Отец просил меня скорее вернуться назад, переживал, что и я попаду под каток. Вайнер тоже не видел особого смысла в моем присутствии, ну и разделял опасения отца.
— Всё хуже, чем мы думали, — со скорбным видом в очередной раз передавал мне новости Марк Соломонович. — Личные счёты у Александра Германовича с Леонтьевым, а бороться теперь приходится с государством и системой. А это заведомо проигрышный вариант. О законности и правах можно забыть. Наш губернатор поставил себе цель разорить и посадить Александра Германовича — и сделает это. Потому что он это может, потому что власть в его руках, потому что он и есть система. И все там повязаны. С этим его арестом столько грубейших нарушений! Да и обвинения в неуплате налогов предъявляют за период, срок давности по которому давно истек. Но все мои прошения, все жалобы отклоняются.
Невозмутимый прежде Вайнер негодовал, вскидывал руки в возмущении.
— А как отец?
— Ну как… — пожимает плечами Вайнер. — Крепится. Хотя тяжело ему, на него сейчас такое давление. Но что еще ему остается? Ходатайство о мере пресечения, естественно, тоже отклонили, как и заявление о получении дополнительной медицинской помощи…
— А что с ним?
— Ну, сердце, давление и так… — замялся адвокат, пряча глаза. Потом посмотрел на меня затравленно, моментально растеряв свой пыл. — Ну вы же понимаете, Герман Александрович, в каких он сейчас условиях находится, какое там обращение, а на него к тому же давят. Ведь не секрет, как могут выбивать признание, как там людей ломают… Это здесь он был хозяином жизни, а там… никто и звать никак… а они творят, что хотят. В карцере вот недавно провел трое суток, якобы за нарушение режима…
Морщинистое лицо Вайнера страдальчески исказилось.

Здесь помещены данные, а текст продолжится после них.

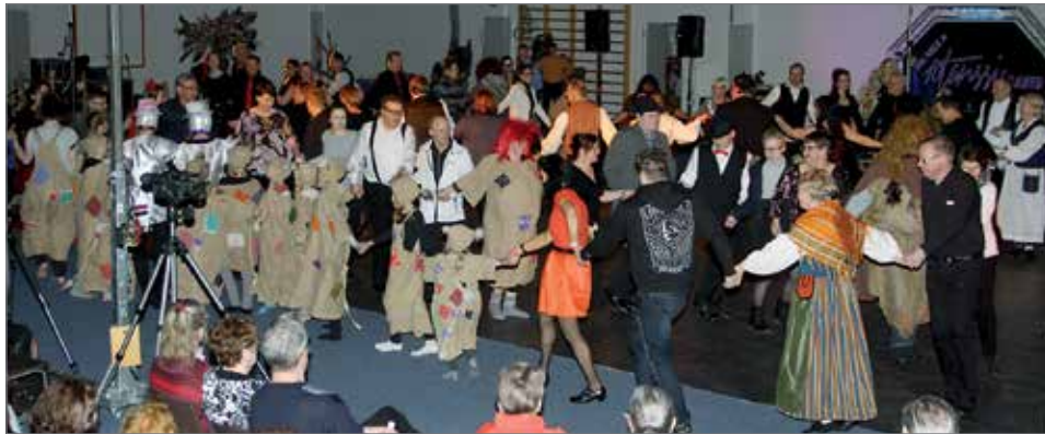
Poloneesi-päätöstanssiin haettiin myös yleisöä mukaan ja peikoiksi pukeutuneet kansalaisopiston lasten ja nuorten näytelmäryhmäläiset olivat innolla mukana.

KurenTanssi -tapahtuman jälkeen oli tanssit, jossa musiikista vastasi Aki Mäki & 10tanssi Band. HT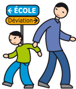
N'apprécie pas les changements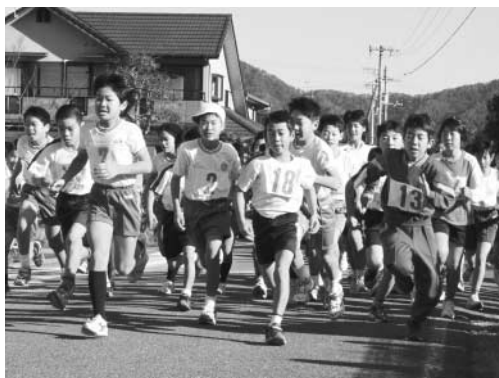
マラソンの部スタート!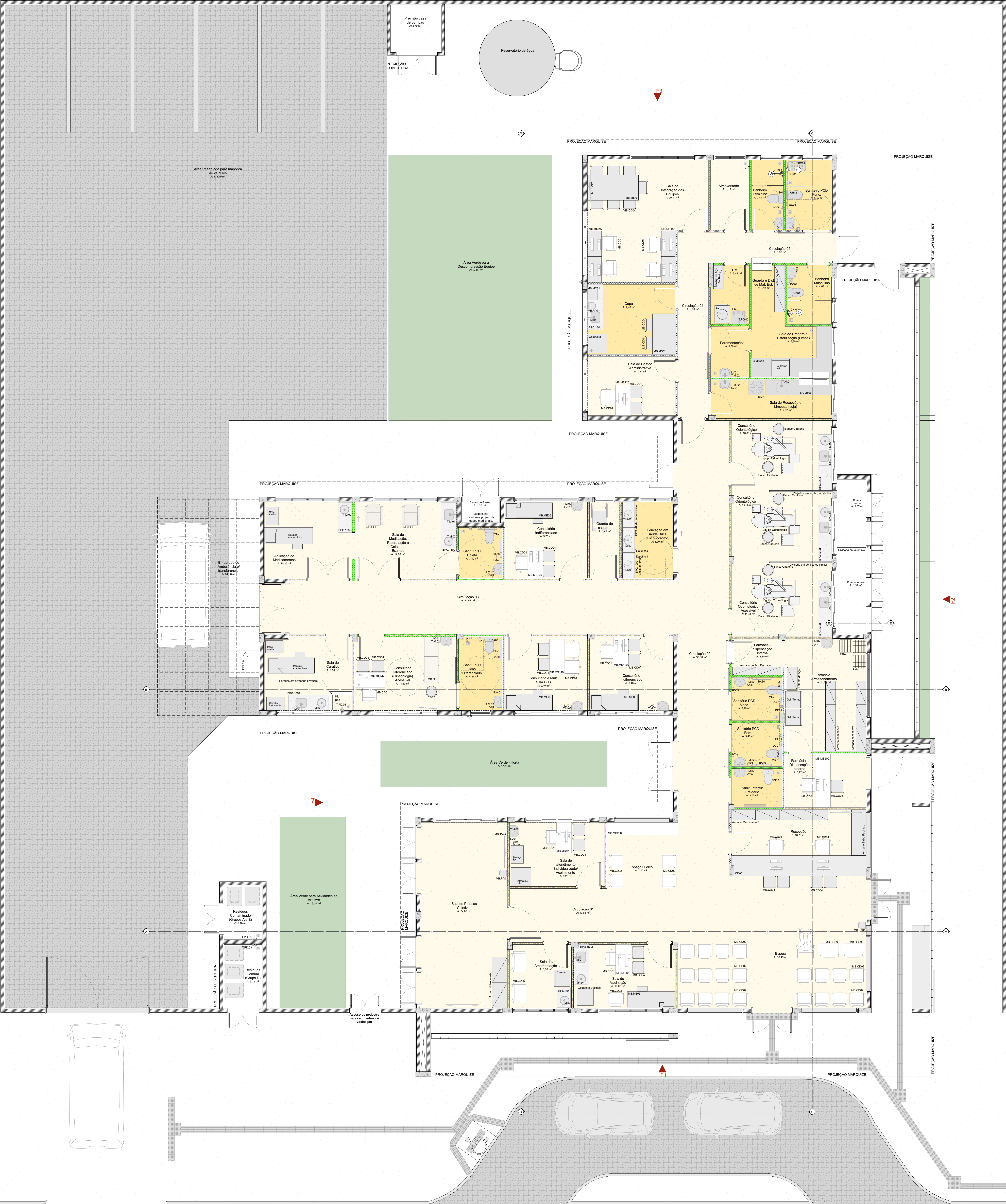
PLANTA DE LAYOUT Escala: 1:50

Я мало что знал об этой стороне жизни, лишь обрывочно, по каким-то фильмам и изредка мелькавшим новостям. Просто не интересовался. Но даже я понимал, что там могут и бить, и унижать, и что похуже.
— Под залог его никак не могут отпустить? Если выйти лично на судью? А задействовать пресс-службу, СМИ? Дать огласку?
Вайнер только тяжело вздыхал и безнадежно тряс головой.
— Я пытался через свои каналы, но мне шепнули знающие люди, что бесполезно всё. Его все равно посадят. Ни за одно, так за другое. Взялись за него крепко. Его просто хотят устранить. А компанию развалить, а затем присвоить за бесценок наши предприятия. В этом деле много заинтересованных лиц и всем выгодно потопить Александра Германовича. Они там все заодно. Не пробиться… глухо. Это система… сломать систему невозможно. А огласка что? Он же не борец за справедливость, не узник чести. Он в глазах общественности миллиардер, наворовавший свои капиталы. Да народ только рад будет. Бесполезно всё.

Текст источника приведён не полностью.